Aussi, il est annoncé, la signature de l’accord de financement de 800 000 euros, soit 525 600 000 FCFA entre le gouvernement togolais et la république fédérale d’Allemagne, l’ISF au profit des communes du Golfe 1 et Golfe 7 et Kloto 1 pour protéger les populations de ces communes contre les risques d’inondations à travers l’assurance paramétrique qui sera mise en œuvre à travers l’assureur Axa climate.

Il faut dire que pour concrétiser son engagement au niveau mondial, le Togo a élaboré en septembre 2015, des Contributions déterminées au niveau national (CDN). Cinq ans après ce document stratégique, le pays a revu à la hausse son ambition en vue de participer valablement à la limitation de l’augmentation de la température mondiale de 2°Celcius, voire 1,5° Celsius. Dans cette dynamique, le gouvernement s’est engagé dans une contribution inconditionnelle de réduction des émissions de Gaz à effet de serre (GES) de 20,51% à l’horizon 2030, soit 6 236,02 Gg CO2-eq, et dans une réduction supplémentaire de 30,06% des émissions de GES correspondant à 9 305,59 Gg CO2-eq.
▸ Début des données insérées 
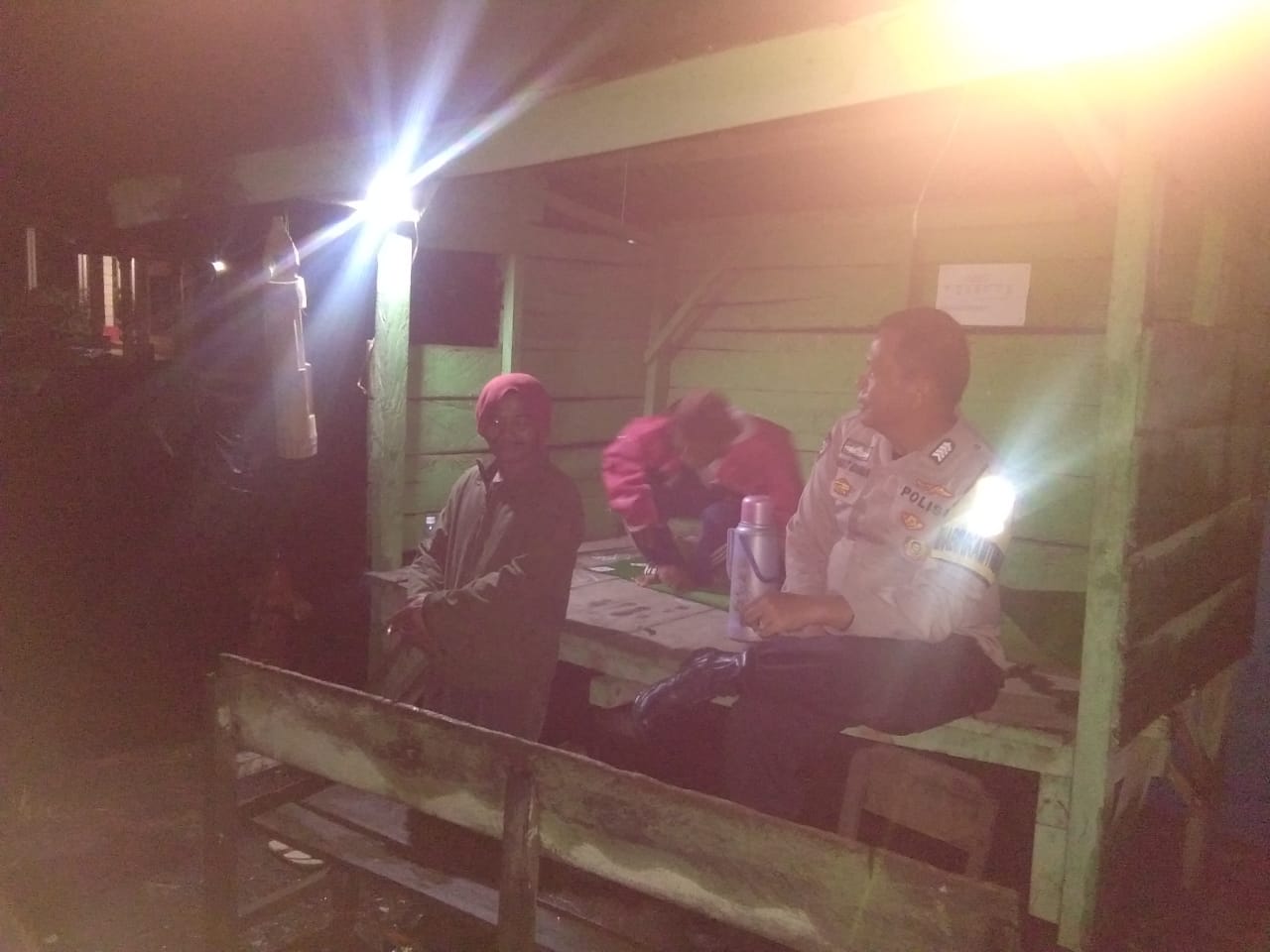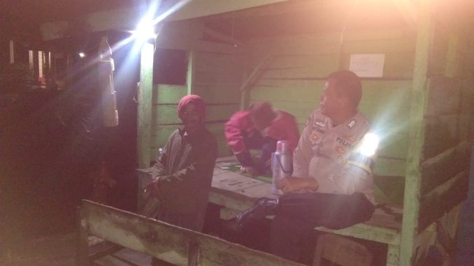 Lampung Barat–Bhabinkamtibmas wilayah hukum Polres Lampung Barat Polda Lampung terus tingkatkan keamanan di Pekon atau desa binaannya melalui siskamling, Selasa (31/01/2023).
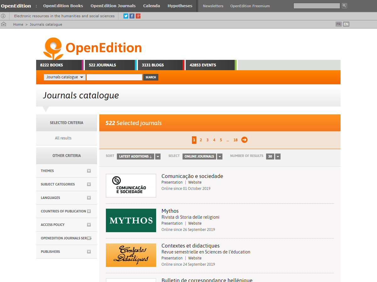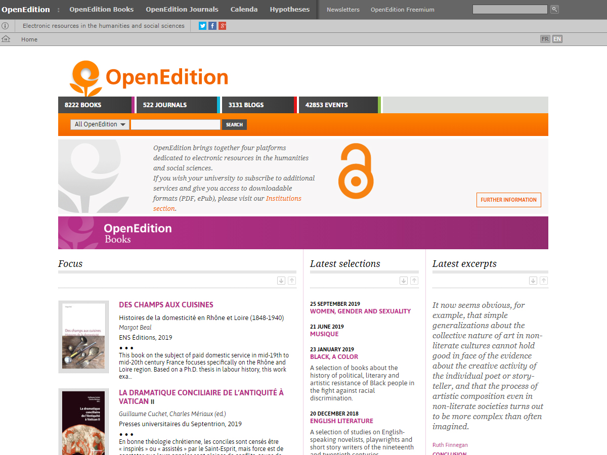 The OpenEdition portal includes four publishing and information platforms in humanities and social sciences: OpenEdition Journals, OpenEdition Books, Hypotheses (research blogs) and Calenda (announcements of international academic events). The portal is a space dedicated to the promotion of research and publication of tens of thousands of scientific documents that promote open access, while respecting the economic equilibrium of publications. OpenEdition was awarded the “Investments for the Future” label in 2012. Its main missions are the development of open access digital publishing, the dissemination of uses and skills related to digital publishing, research and innovation around enhancement methods, and digital-driven information retrieval.

L’énergie est l’un des secteurs économiques qui a des impacts considérables sur l’écosystème. Elle contribue à la pollution de l’environnement, à travers la production des GES.  L’ambition du Togo est d’atteindre 50 % d’énergies renouvelables dans le mix énergétique d’ici à 2030 et de réduire les émissions relatives à ce secteur à hauteur de 8 % à l’horizon 2025. Des actions sont déjà en cours pour atteindre ces résultats.  Il s’agit entre autres de la construction de la centrale solaire photovoltaïque de 50 MW à Blitta, la plus grande de la sous-région ouest à ce jour, la construction d’une centrale solaire de 50 mégawatts (MW) raccordée au réseau public, de la centrale solaire photovoltaïque de 30 MW de Dapaong et des centrales solaires photovoltaïques de Kara et de Sokodé (scalling solar).

A cela s’ajoute l’installation d’environ 31 000 lampadaires solaires pour l’éclairage public, de la centrale hybride Kékéli (gaz et chaleur) d’une capacité de 65 MW, de mini-grids de 580 KWC (kilowatt-crête), de deux centrales hydroélectriques, sans oublier la planification d’installation de trois centrales solaires de 120 MW et la vulgarisation des foyers améliorés, ainsi que la promotion du gaz butane en substitution au bois énergie dans le système de cuisson.